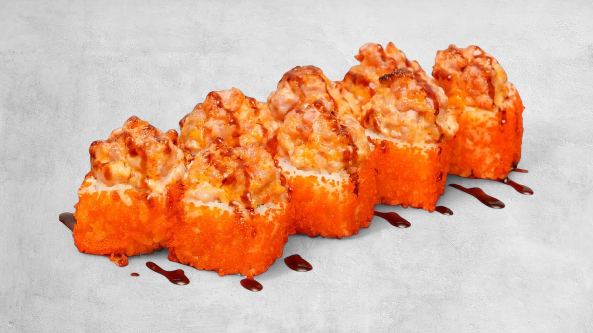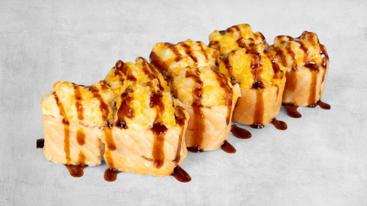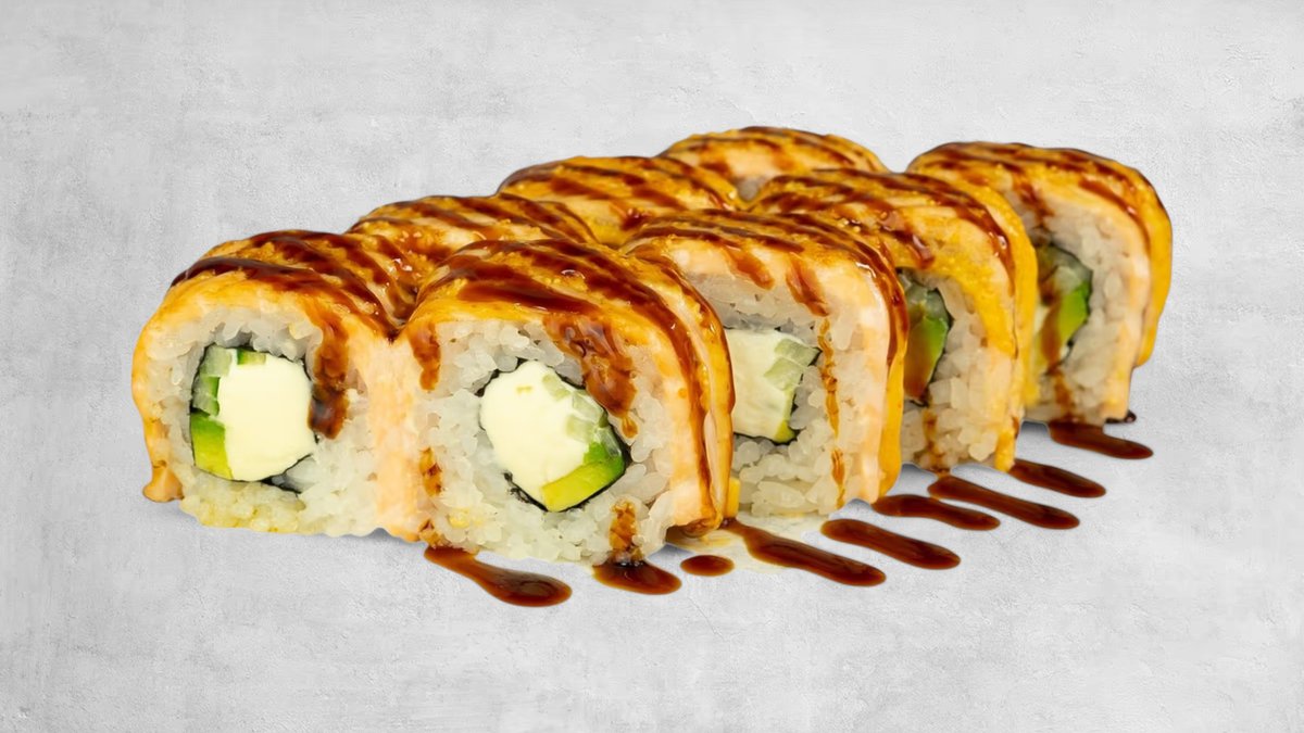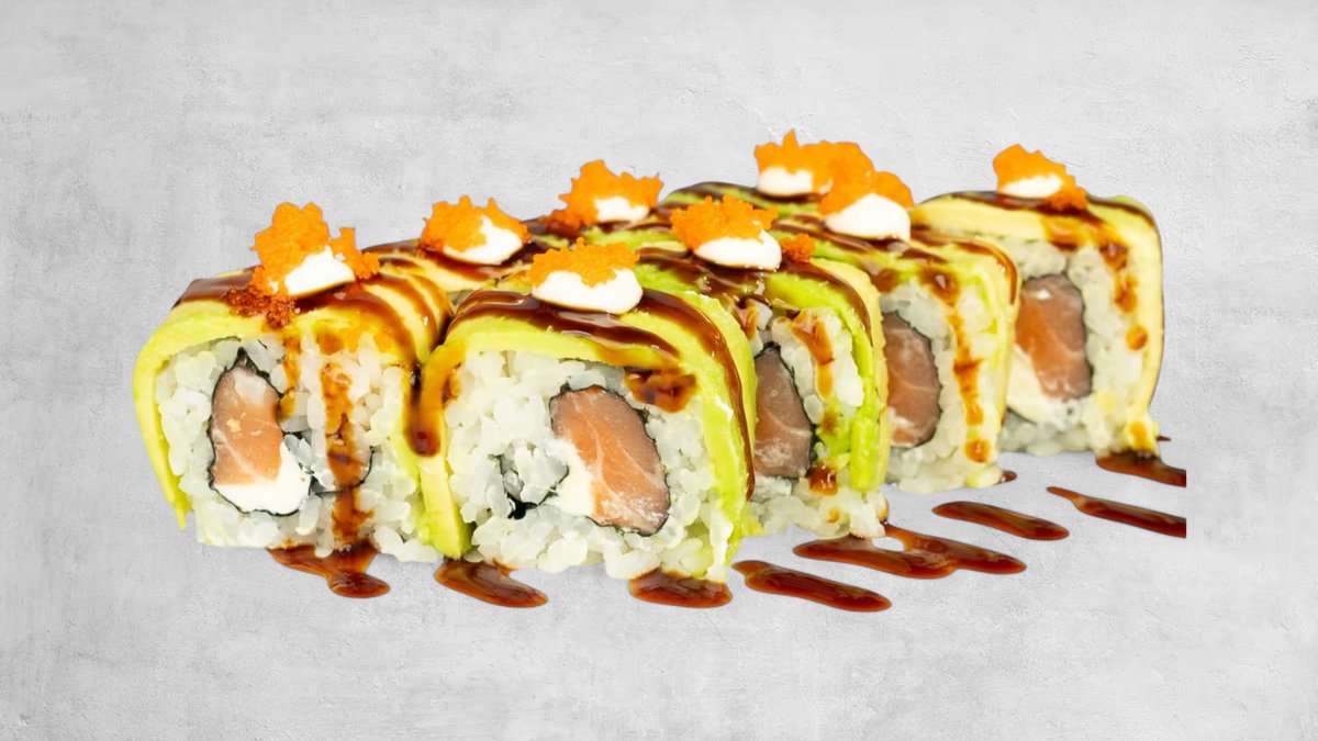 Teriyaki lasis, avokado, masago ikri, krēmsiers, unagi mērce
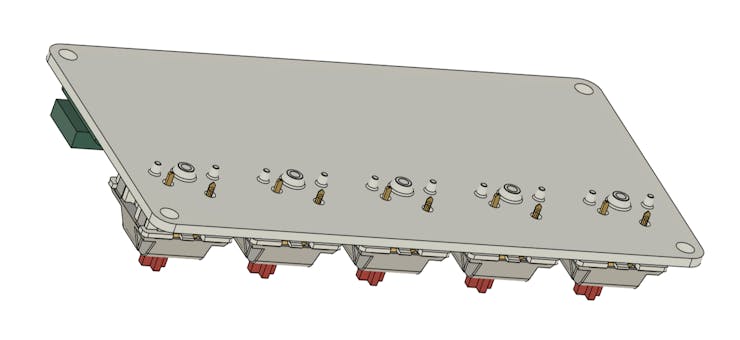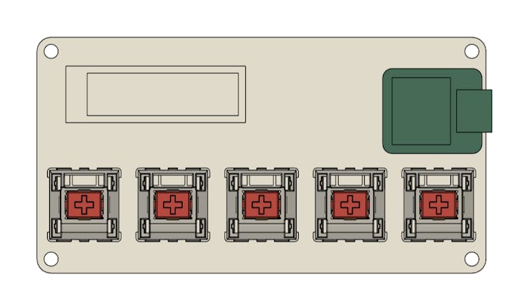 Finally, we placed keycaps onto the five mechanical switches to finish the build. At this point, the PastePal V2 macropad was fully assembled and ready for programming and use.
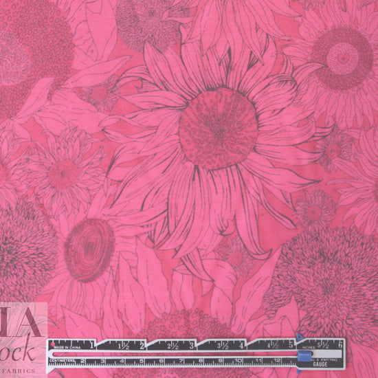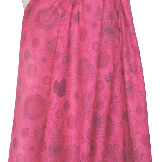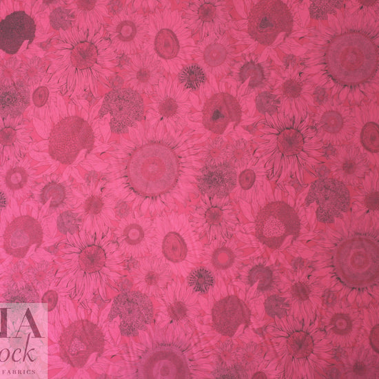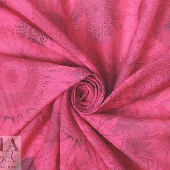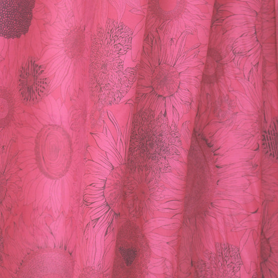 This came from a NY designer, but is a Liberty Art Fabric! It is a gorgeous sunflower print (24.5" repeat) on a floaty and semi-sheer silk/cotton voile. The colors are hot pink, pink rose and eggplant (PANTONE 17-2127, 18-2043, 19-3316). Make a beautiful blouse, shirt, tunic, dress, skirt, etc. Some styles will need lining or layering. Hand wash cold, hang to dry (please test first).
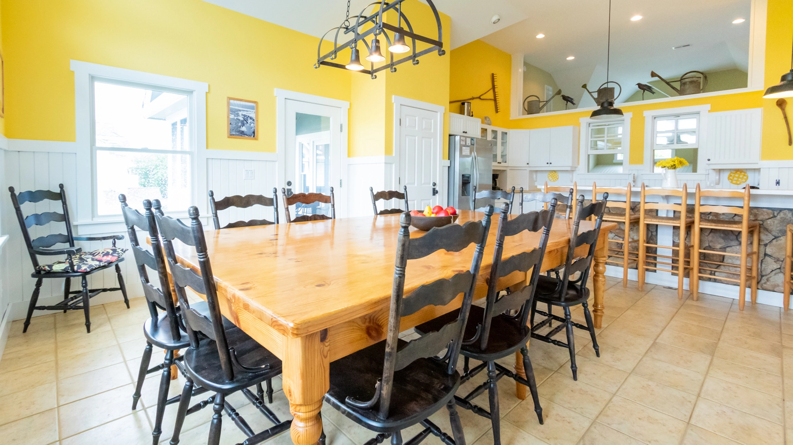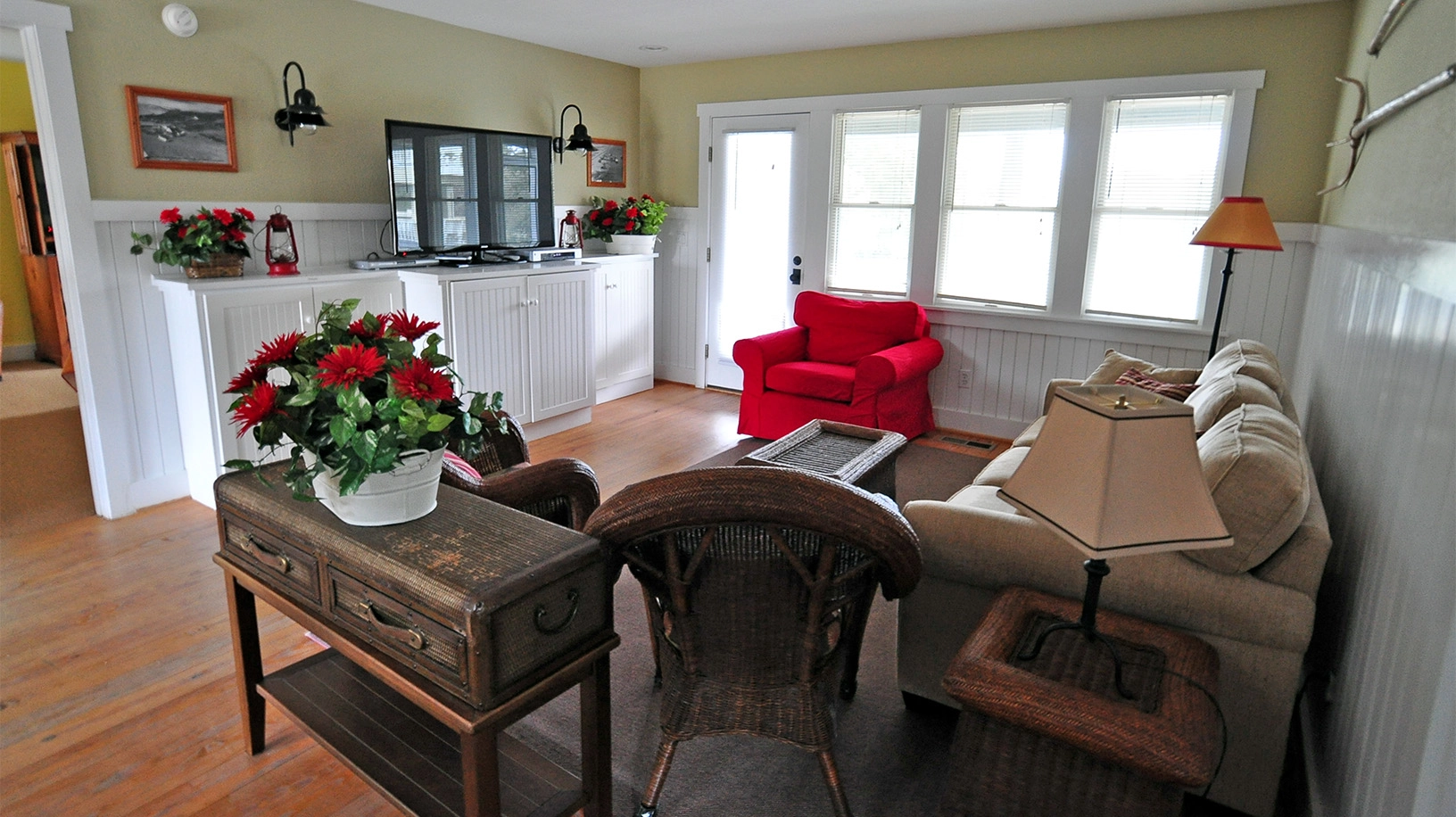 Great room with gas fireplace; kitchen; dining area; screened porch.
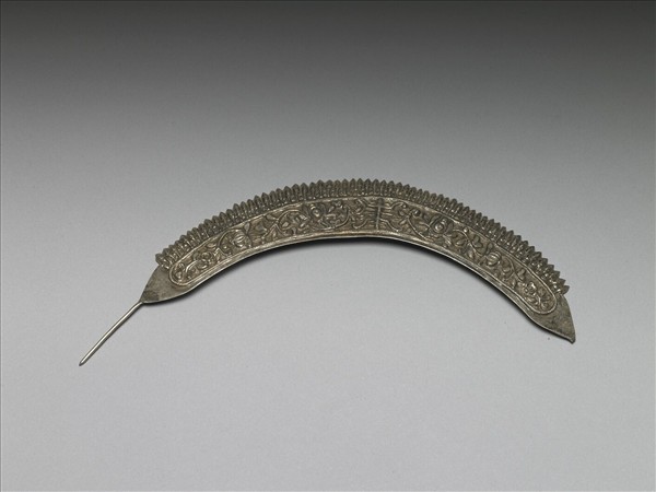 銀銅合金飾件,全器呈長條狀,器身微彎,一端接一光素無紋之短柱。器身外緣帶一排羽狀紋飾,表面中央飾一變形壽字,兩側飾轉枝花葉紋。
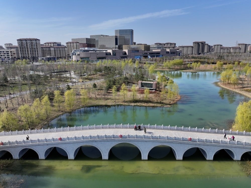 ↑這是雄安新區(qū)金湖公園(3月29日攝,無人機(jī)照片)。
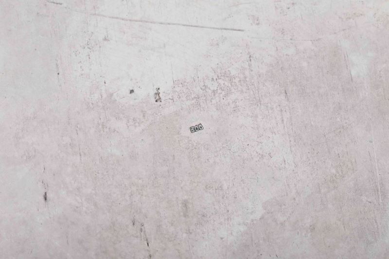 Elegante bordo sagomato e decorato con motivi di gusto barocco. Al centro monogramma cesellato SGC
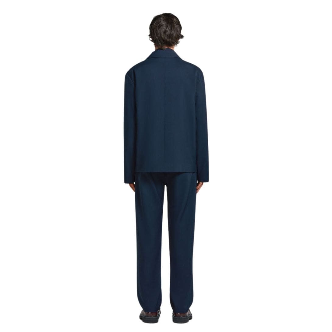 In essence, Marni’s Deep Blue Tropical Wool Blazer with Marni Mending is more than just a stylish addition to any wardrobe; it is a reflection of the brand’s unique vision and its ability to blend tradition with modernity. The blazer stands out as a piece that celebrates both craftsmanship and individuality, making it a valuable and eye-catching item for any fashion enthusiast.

• HOW TO COMPLETE THIS TASK: Return exactly the stretch above whose first line contains "Finally, we placed" and whose last line contains "This came from", and nothing outside it. The pictures should not appear.

• PROBLEM SOLUTION:
 Finally, we placed keycaps onto the five mechanical switches to finish the build. At this point, the PastePal V2 macropad was fully assembled and ready for programming and use.
 This came from a NY designer, but is a Liberty Art Fabric! It is a gorgeous sunflower print (24.5" repeat) on a floaty and semi-sheer silk/cotton voile. The colors are hot pink, pink rose and eggplant (PANTONE 17-2127, 18-2043, 19-3316). Make a beautiful blouse, shirt, tunic, dress, skirt, etc. Some styles will need lining or layering. Hand wash cold, hang to dry (please test first).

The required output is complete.